The findings of fact goes on to explain the nature of the "barrier to entry": The fact that there is a multitude of people using Windows makes the product more attractive to consumers. The large installed base impels ISVs (independent software vendors) to write applications first and foremost to Windows, thereby ensuring a large body of applications from which consumers can choose. The large body of applications thus reinforces demand for Windows, augmenting Microsoft's dominant position and thereby perpetuating ISV incentives to write applications principally for Windows. The small or non-existent market share of an aspiring competitor makes it prohibitively expensive for the aspirant to develop its PC operating system into an acceptable substitute for Windows. (III.39, 40)
The proposed remedy (dividing Microsoft into two companies) was overturned on appeal, and Microsoft has since reached a settlement with the Department of Justice (DOJ) and some of the states which brought suit against it, perhaps because with a new administration the DOJ changed its attitude. Meanwhile, several class-action lawsuits filed after the conviction are still pending.
In early 2002, Microsoft proposed to settle the private lawsuits by donating $1 billion USD in money, software, services, and training, including Windows licenses and refurbished PCs, to about 12,500 underprivileged public schools. This was seen by some as a potential windfall for Microsoft, not only in educating schoolchildren on Microsoft solutions but also in collecting additional license fees if the schools ever wanted to upgrade. After protests from Apple Computer, Inc., which feared further loss of its educational market share, a federal judge rejected the proposed settlement. 
In 2003-2004, the European Commission investigated the bundling of media player software into Windows, a practice which rivals complained was destroying the market for their own products. Negotiations between Microsoft and the Commission broke down in March 2004, and the company was subsequently handed down a record fine of euro 497 million ($613 million) for its breaches of EU competition law. The ruling is subject to appeal in the European courts. Separate investigations into alleged abuses of the server market were also ongoing at the same time.
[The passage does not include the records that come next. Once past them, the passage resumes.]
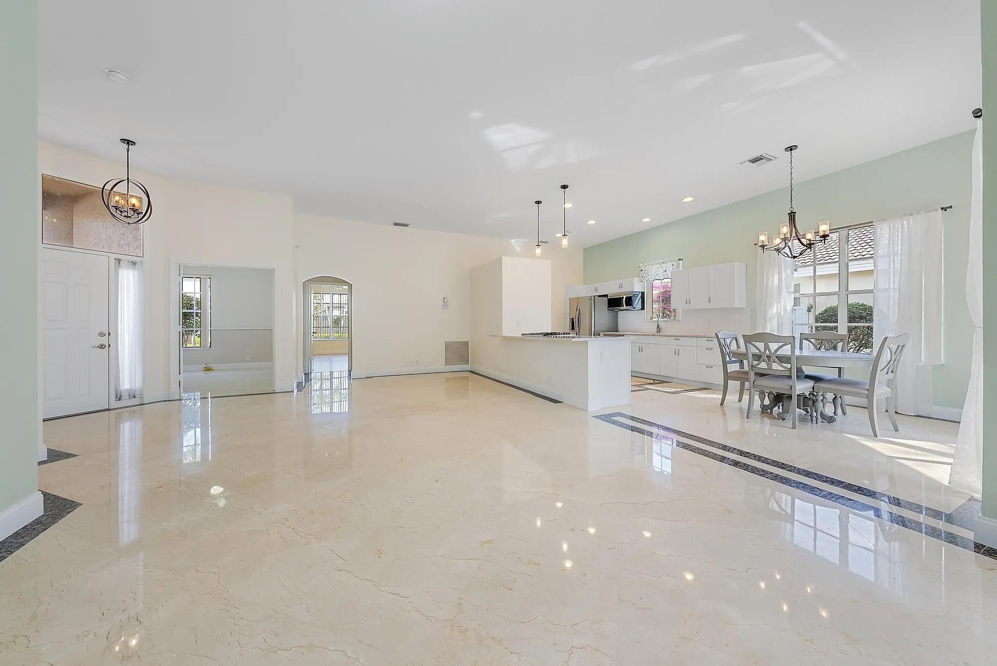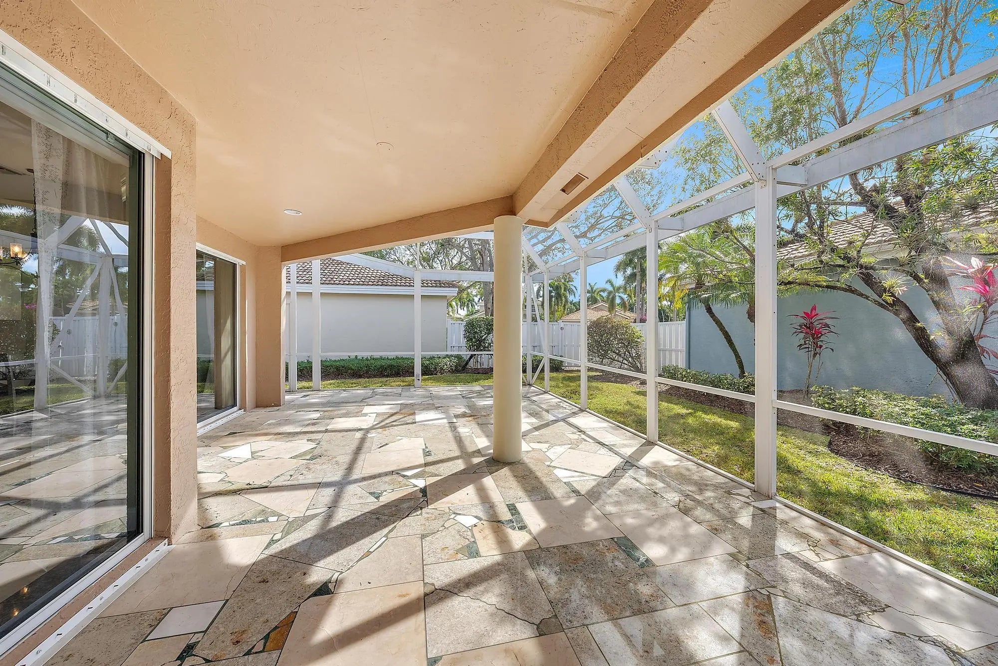 With a light and bright SOUTHERN EXPOSURE and private garden views, this renovated home boasts upscale and timeless marble flooring throughout, a NEWER ROOF (2016), NEWER A/C (2018 handler - 2024 compressor) and stunning renovations. This single-family 2BR/2BA features a spacious den or convertible bedroom. Nestled into a private and tranquil cul-de-sac lot, this home is located within walking distance or a quick golf cart ride to the Club at Ibis's world-class amenities. The kitchen has been opened up to create a fully open great room, with the living space graciously extending outdoors into the large screened patio, also adorned with marble flooring. In addition to the renovated kitchen, which boasts 2021 stainless appliances, both bathrooms have been elegantly remodeled.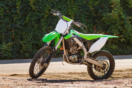 Green Cross Motorcycle. Dirt bike on a photo shoot. Training motocross bike.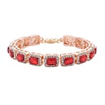 Red Glass and Austrian Crystal Tennis Bracelet in Rosetone (7-9In)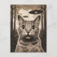 Funny Sepia Kitty and UFOs Postcard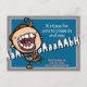 A colourful and charming dental appointment reminder card featuring a super unique hand drawn boy sitting in a dentist chair with his large mouth open. Done in bright, vibrant colours. Every element of this card is fully customisable.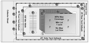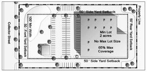 Minimum lot width (measured at front setback/build-to line): 80 feet
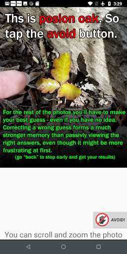 Learn to recognize poison oak from 120 photos in this simple active learning flashcard training game. Remembers what you got wrong so you can train on your mistakes. This paid version of our free app has no ads, no in app purchases.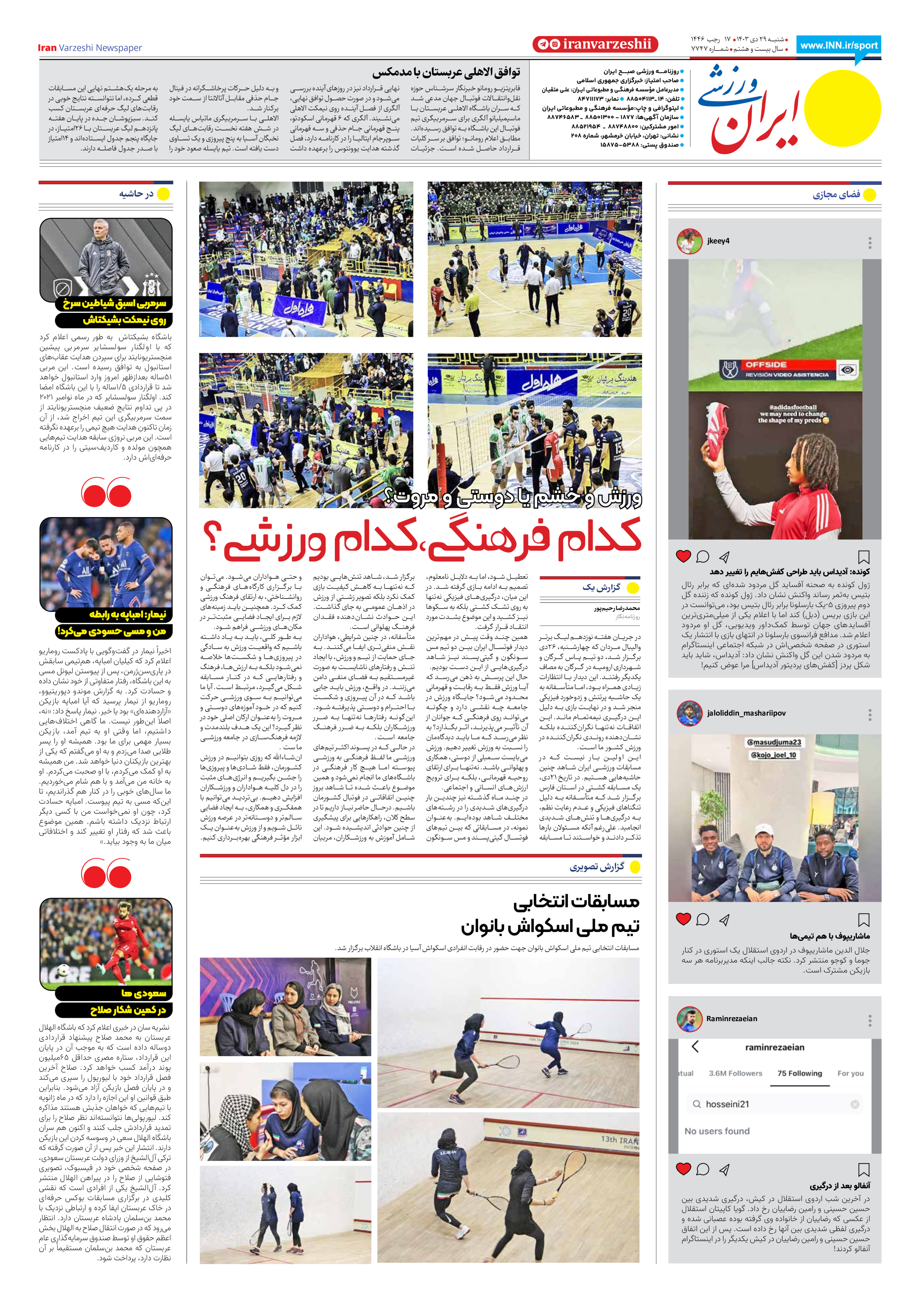روزنامه ایران ورزشی - شماره هفت هزار و هفتصد و چهل و هفت - ۲۹ دی ۱۴۰۳ - صفحه ۸

On December 22, 2004, the European Court decided that the measures imposed on Microsoft by the European Commission would not be delayed, as was requested by Microsoft while waiting for the appeal. Microsoft will thus have to pay the euro 497 million fine, ship versions of Windows without Windows Media Player, and license many of the protocols used in Microsoft's products to developers in countries within the European Economic Area.
Other suits and rulings by governments
In March 2004, during a consumer class-action lawsuit in Minnesota, internal documents subpoenaed from Microsoft revealed that the company had violated nondisclosure agreements seven years earlier in obtaining business plans from Go Corporation, using them to develop and announce a competing product named PenWindows, and convincing Intel to reduce its investment in Go. After Go was purchased by AT&T and Go's tablet-based computing efforts were shelved, PenWindows development was dropped  .
In May 2004, a class-action lawsuit accused Microsoft of overcharging customers in the state of California. The company settled the case for $1.1 billion USD. A California court ordered Microsoft to pay an additional $258 million USD in legal fees (including over $3,000 per hour for the lead attorney in the case, more than $2,000 per hour for colleagues, and in excess of $1,000 per hour for administrative work). A Microsoft attorney responded, "Somebody ends up paying for this. These large fee awards get passed on to consumers." . The total bill for legal fees was later reduced to just over $112 million USD.  Because of the structure of the settlement, the law firm which sued Microsoft may end up getting more money from the company than California consumers and schools, the beneficiaries of the settlement.
In July 2004, Japan's Fair Trade Commission warned Microsoft to remove a provision from its licensing contracts whereby PC makers would not be allowed to file patent infringement suits if future versions of Windows add features similar to their own technology. Microsoft plans to appeal the warning.
Suits by private companies
Microsoft has fought legal battles against:
- Apple Computer, Inc., which accused Microsoft in the late 1980s of copying the "look and feel" of the graphical user interface of Apple's operating systems. The courts ruled in favor of Microsoft in 1994.
- Be Incorporated, which accused Microsoft of exclusionary and anticompetitive behavior intended to drive Be out of the market.  Be even offered to license its BeOS operating system for free to any PC vendors who would ship it pre-installed, but the vendors declined due to fears of pricing retaliation from Microsoft: by raising the price of Microsoft Windows for one particular PC vendor, Microsoft could price that vendor's PCs out of the market.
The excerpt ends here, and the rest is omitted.